-- WHAT THE TASK ASKS --
Word for word, copy all the data and drop the pictures.

-- Stored dataset items --
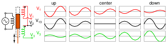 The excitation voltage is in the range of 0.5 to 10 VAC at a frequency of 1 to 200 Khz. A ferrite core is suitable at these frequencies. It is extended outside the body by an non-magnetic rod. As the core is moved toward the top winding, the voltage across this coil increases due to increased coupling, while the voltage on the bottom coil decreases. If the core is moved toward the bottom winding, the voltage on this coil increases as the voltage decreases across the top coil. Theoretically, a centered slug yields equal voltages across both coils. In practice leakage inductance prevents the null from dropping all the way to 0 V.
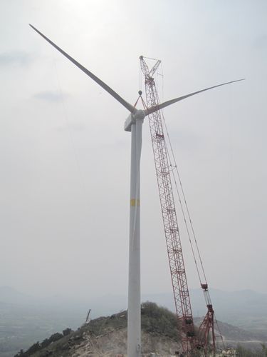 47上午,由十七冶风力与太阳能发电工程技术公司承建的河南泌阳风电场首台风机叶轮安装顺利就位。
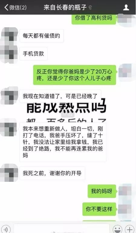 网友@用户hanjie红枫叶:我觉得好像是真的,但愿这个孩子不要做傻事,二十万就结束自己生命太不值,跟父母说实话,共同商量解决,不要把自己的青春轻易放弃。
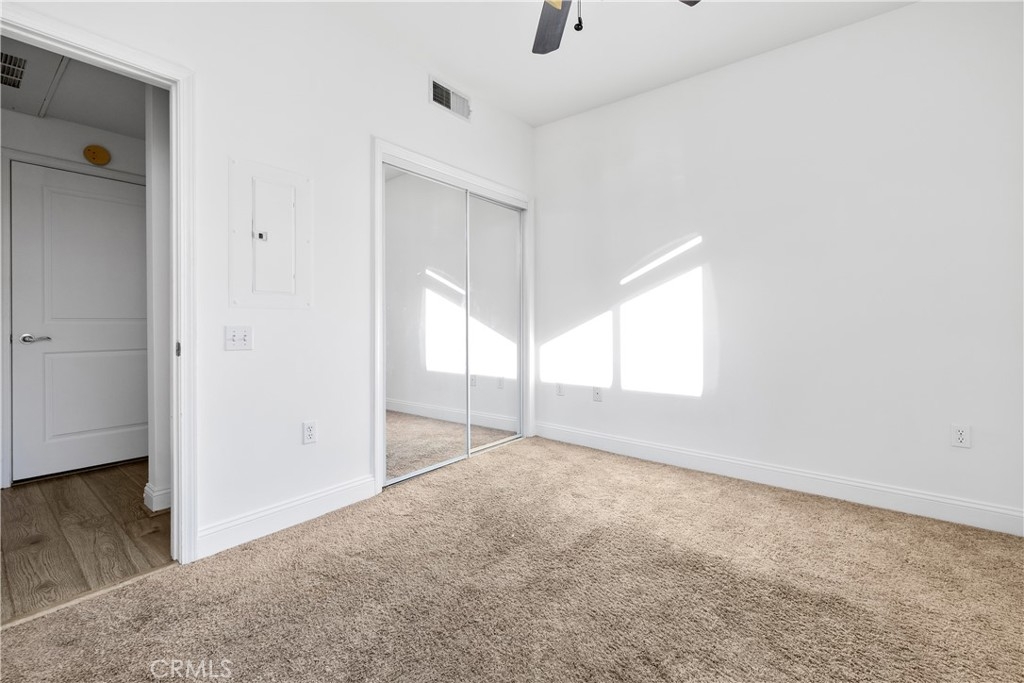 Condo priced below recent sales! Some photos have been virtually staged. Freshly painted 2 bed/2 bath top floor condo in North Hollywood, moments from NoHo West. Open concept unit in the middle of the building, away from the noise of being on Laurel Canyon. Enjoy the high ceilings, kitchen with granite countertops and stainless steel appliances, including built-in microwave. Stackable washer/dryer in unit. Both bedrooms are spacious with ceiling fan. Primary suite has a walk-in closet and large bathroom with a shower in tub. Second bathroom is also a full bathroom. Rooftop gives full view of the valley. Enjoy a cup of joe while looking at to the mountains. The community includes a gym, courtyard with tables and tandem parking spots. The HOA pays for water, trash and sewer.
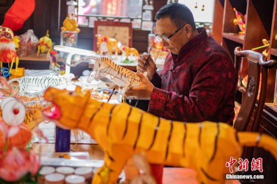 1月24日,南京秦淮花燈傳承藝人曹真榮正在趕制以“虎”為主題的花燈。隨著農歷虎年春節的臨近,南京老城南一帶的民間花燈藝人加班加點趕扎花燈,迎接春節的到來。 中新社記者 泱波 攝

-- EXERCISE RESULT --
 The excitation voltage is in the range of 0.5 to 10 VAC at a frequency of 1 to 200 Khz. A ferrite core is suitable at these frequencies. It is extended outside the body by an non-magnetic rod. As the core is moved toward the top winding, the voltage across this coil increases due to increased coupling, while the voltage on the bottom coil decreases. If the core is moved toward the bottom winding, the voltage on this coil increases as the voltage decreases across the top coil. Theoretically, a centered slug yields equal voltages across both coils. In practice leakage inductance prevents the null from dropping all the way to 0 V.
 47上午,由十七冶风力与太阳能发电工程技术公司承建的河南泌阳风电场首台风机叶轮安装顺利就位。
 网友@用户hanjie红枫叶:我觉得好像是真的,但愿这个孩子不要做傻事,二十万就结束自己生命太不值,跟父母说实话,共同商量解决,不要把自己的青春轻易放弃。
 Condo priced below recent sales! Some photos have been virtually staged. Freshly painted 2 bed/2 bath top floor condo in North Hollywood, moments from NoHo West. Open concept unit in the middle of the building, away from the noise of being on Laurel Canyon. Enjoy the high ceilings, kitchen with granite countertops and stainless steel appliances, including built-in microwave. Stackable washer/dryer in unit. Both bedrooms are spacious with ceiling fan. Primary suite has a walk-in closet and large bathroom with a shower in tub. Second bathroom is also a full bathroom. Rooftop gives full view of the valley. Enjoy a cup of joe while looking at to the mountains. The community includes a gym, courtyard with tables and tandem parking spots. The HOA pays for water, trash and sewer.
 1月24日,南京秦淮花燈傳承藝人曹真榮正在趕制以“虎”為主題的花燈。隨著農歷虎年春節的臨近,南京老城南一帶的民間花燈藝人加班加點趕扎花燈,迎接春節的到來。 中新社記者 泱波 攝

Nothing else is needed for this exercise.